Accurate identification and effective removal of unwanted variation is essential to derive meaningful biological results from RNA sequencing (RNA-seq) data, especially when the data come from large and complex studies. Using RNA-seq data from The Cancer Genome Atlas (TCGA), researchers from the Walter and Eliza Hall Institute of Medical Research examined several sources of unwanted variation and demonstrate here how these can significantly compromise various downstream analyses, including cancer subtype identification, association between gene expression and survival outcomes and gene co-expression analysis. They propose a strategy, called pseudo-replicates of pseudo-samples (PRPS), for deploying their recently developed normalization method, called removing unwanted variation III (RUV-III), to remove the variation caused by library size, tumor purity and batch effects in TCGA RNA-seq data. The researchers illustrate the value of their approach by comparing it to the standard TCGA normalizations on several TCGA RNA-seq datasets. RUV-III with PRPS can be used to integrate and normalize other large transcriptomic datasets coming from multiple laboratories or platforms.
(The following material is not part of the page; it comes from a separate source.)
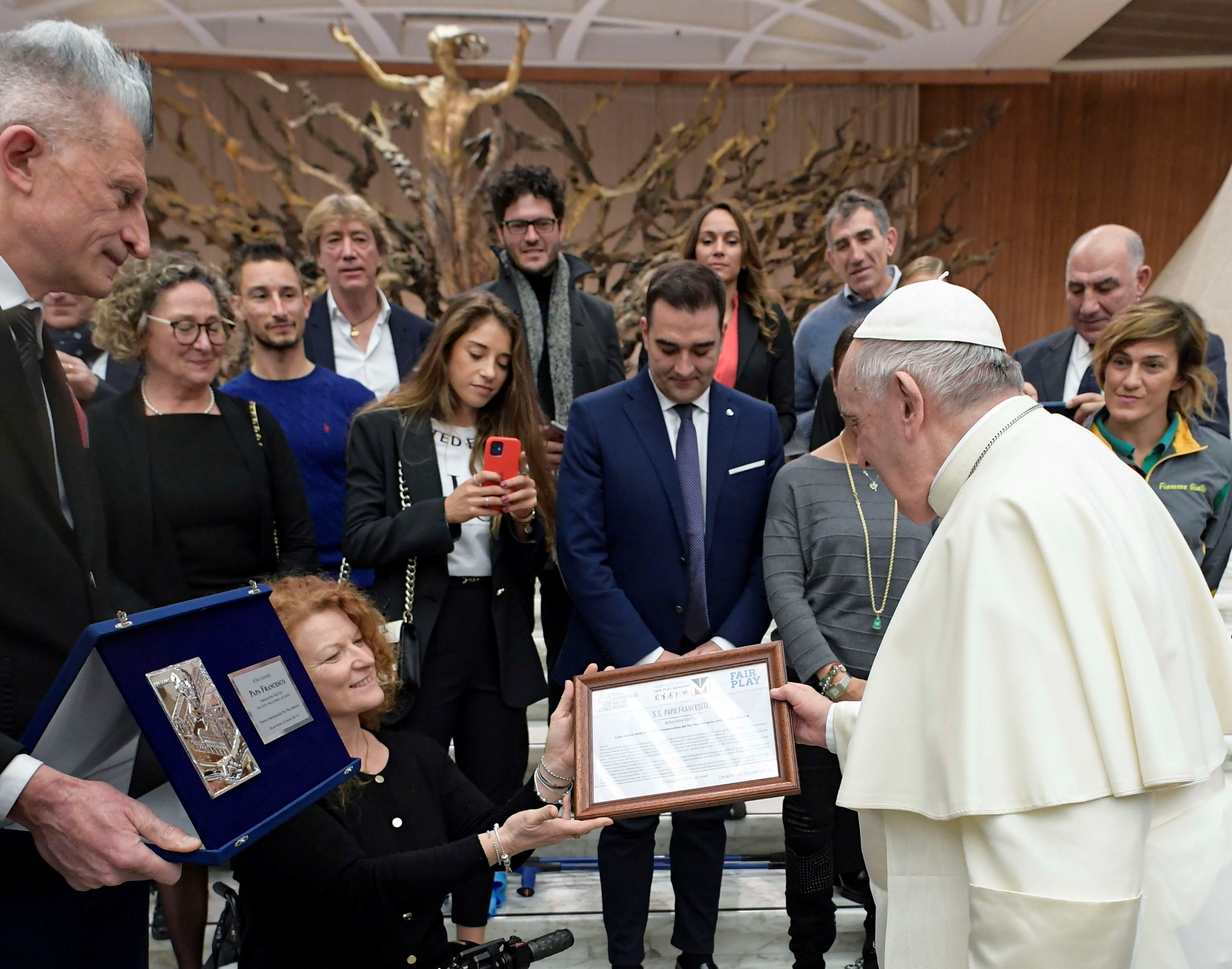 Nel corso dell’udienza, nella Sala Paolo VI, a Papa Francesco è stata consegnata anche la targa e l’attestato di Ambasciatore Fair Play dalle mani dei testimonial Andrea Lucchetta e Francesca Porcellato, in rappresentanza della nutrita delegazione di ambasciatori del Fair Play presente in Vaticano e composta da alcuni premiati dell’albo d’oro delle varie edizioni della manifestazione.
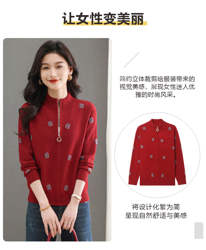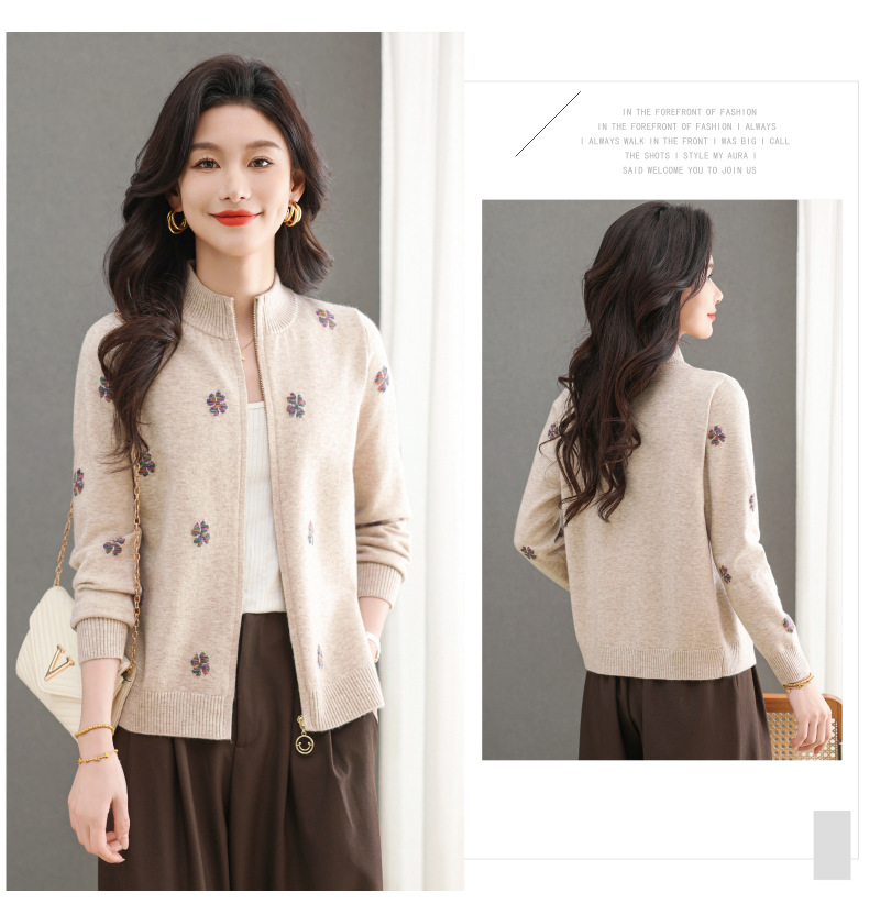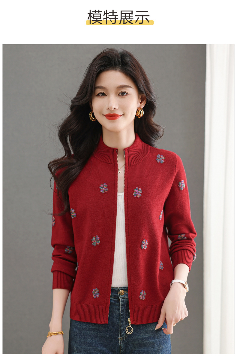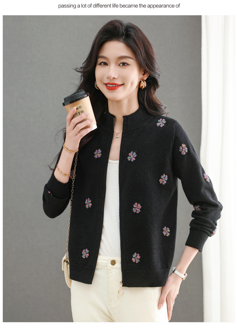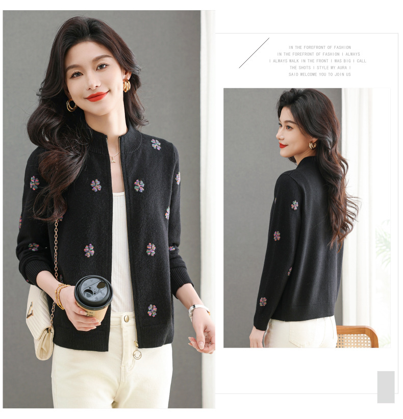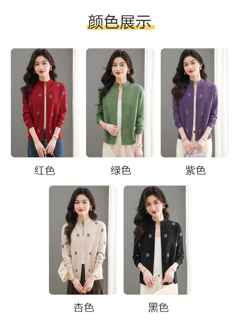 CC-101-96117立领拉链外套女士春秋2025新款短款针织开衫洋气提花上衣

Unwanted variation in individual TCGA RNA-seq datasets
a, Illustrative examples showing data with and without unwanted variation. Data with unwanted variation exhibit high correlation between the first five PCs and this variation (top left). Data without unwanted variation have low correlation with unwanted variation (bottom left). The histograms show Spearman correlations and log2 F-statistics between individual genes and different sources of unwanted variation. Data with large library size and tumor purity variation show high Spearman correlations between individual gene expression and this variation. Data with plate effects exhibit high F-statistics obtained from ANOVA between individual gene expression and plates as factor. In contrast, data without such unwanted variation show low Spearman correlations and F-statistics. b, Distribution of (log2) library size colored by years for the individual TCGA cancer types. The year information was not available for the LAML RNA-seq study. The library sizes are calculated after removing lowly expressed genes for each cancer type. c, R2 obtained from linear regression between the first, first and second, and so on, cumulatively to the fifth PC and library size (first panel), tumor purity (second panel) and RLE medians (third panel) in the raw count, FPKM and FPKM.UQ normalized datasets. The fourth panel shows the vector correlation between the first five PCs cumulatively and plates in the datasets. Ideally, we should see no significant associations between PCs and sources of unwanted variation. Gray color indicates that samples were profiled across a single plate. d, Spearman correlation coefficients between individual gene expression levels and library size (first panel), tumor purity (second panel) and the RLE medians (third panel) in the datasets. The fourth panel shows log2 F-statistics obtained from ANOVA of gene expression levels by the factor: plate variable. Plates with fewer than three samples were excluded from the analyses. ANOVA was not possible for cancer types whose samples were profiled using a single plate.